Sistemin öğeleri sistemi meydana getiren parçalardır ve bu parçalar sistemin bulunduğu alana göre değişiklik gösterir. Yönetimi oluşturan planlama, organizasyon, yöneltme, koordinasyon, karar verme ve denetleme işlemleri yönetim sisteminin birer öğesidir.  Bir bilgi merkezini meydana getiren bina, personel, derme, kullanıcı, bütçe ve teknoloji kütüphane sistemini oluşturan parçalardır. Bu parçalar kendi içlerinde de öğelere ayrılabilmektedir. Örneğin bir bilgi merkezindeki kullanıcı hizmetleri bölümü, ödünç verme birimi, kütüphaneler arası ödünç verme ve danışma hizmetleri birimi öğelerinden oluşmaktadır.

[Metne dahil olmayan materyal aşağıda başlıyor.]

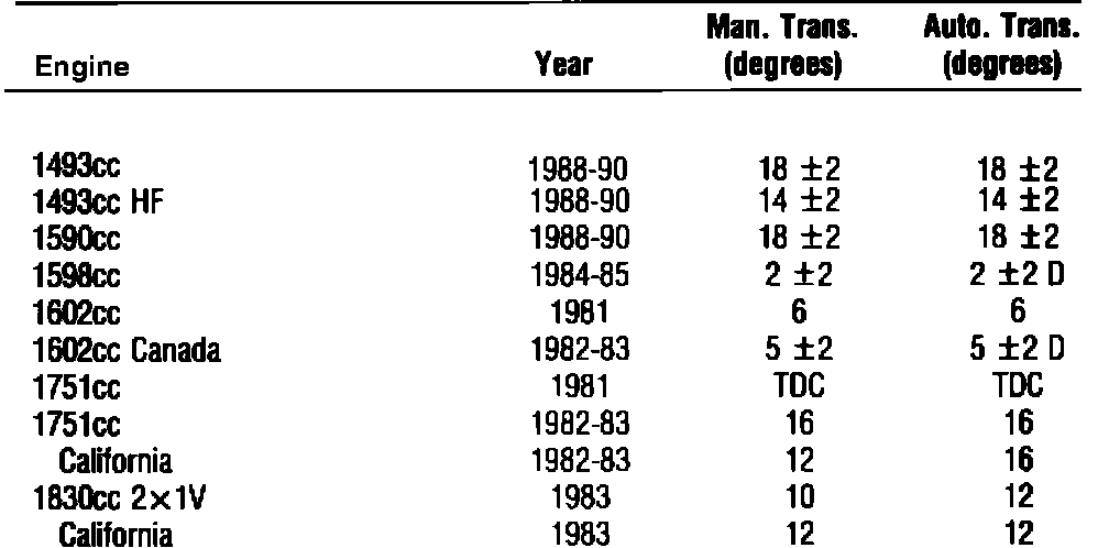 Ignition Timing: Specifications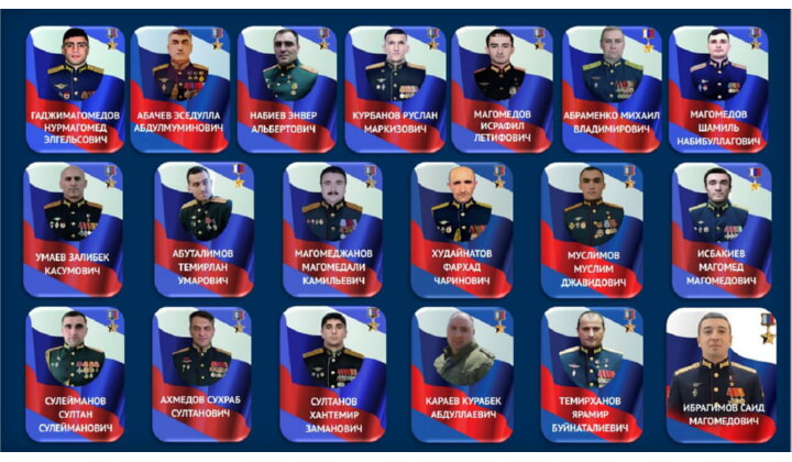 Это генерал-лейтенант Сухраб Султанович Ахмедов, майор Султан Сулейманович Сулейманов (посмертно), подполковник Хантемир Заманович Султанов, полковник Курабек Абдулаевич Караев, полковник Ярамир Буйнаталиевич Темирханов, подполковник Саид Магомедович Ибрагимов.

Sistemler, öğelerinin sistem içerisindeki ilişki şekillerine göre adlar alabilir. Birleşik ve bütünleşmiş parçalardan oluşan herhangi bir olay, yapı, kavram veya faaliyet bir sistem olarak nitelendirilebilir. Bunlar yeri geldiğinde konu, amaç, mekanik parça, düşünce, kuruluş, kişi, bilgi  gibi somut veya soyut kavramlar da olabilir.


Sistemin Özellikleri

Sistemlerin amaçlarına ulaşabilmeleri için düzenli çalışmaları gerekmektedir. Bu düzeni sağlamak sistemin öğelerine ve bu öğelerin bazı özelliklerine bağlıdır. Daha önce yapılan sistem tanımlara göre; sistemin üç temel bileşenini ve sistemin çalışmasına yardımcı olan diğer özellikler şöyle sıralanabilir. Bu özellikler sistem yaklaşımının daha iyi anlaşılmasına yardımcı olacaktır.

-          olayların, nesnelerin karşılıklı ilişkileri ve karşılıklı bağımlılıkları;

-         amaca doğru ilerleyiş;

-         çevre;

-         sınırlar;

-         dengeli durum;

-         değişkenler ve parametreler;

-         entropi (düzensizlik, aksaklık eğilimi);

-         girdi, çıktı ve geri bildirim;

-         şekil değiştirme (dönüşüm);

-         eş sonluluk;

-         hiyerarşi;

-         bütünlük (Marşap, 2000:15; Çapar, 1993:52-53).

Sistemin genel yapısını gösteren  3. şekilde yuvarlaklar, öğeleri; oklar ise öğeler arası ilişkileri göstermektedir. Girdi, sistemin öğeleri arasındaki ilişkileri harekete geçirir ve işlemler dizisini başlatarak, girdinin çıktıya dönüşmesi sağlar bu da faaliyeti yani bir amacı gerçekleştirmeyi göstermektedir.

MUTLAKA OKUYUNUZ :  http://www.pa.edu.tr/APP_DOCUMENTS/D478B2AD-3813-4555-9629-6332F8CF8D33/cms_statik/_dergi/2010/1/5-Makale%20105-123.pdf 

 

Bir önceki derste örgüt kavramlarını anlatmıştık. Her örgüt aynı zamanda bir sistemdir.

nHer örgüt bir sistemdir. Her sistemin de alt sistemleri vardır
nHer örgüt bir çevre içindedir ve örgüt çevreden mutlaka etkilenmektedir

Modern yönetim kuramı klasikler ve neoklasikler gibi sadece ticari örgütleri değil, sosyal örgütleri de yapısında toplayarak bunları analiz eder, yaptırım ve bildirimlerde bulunur.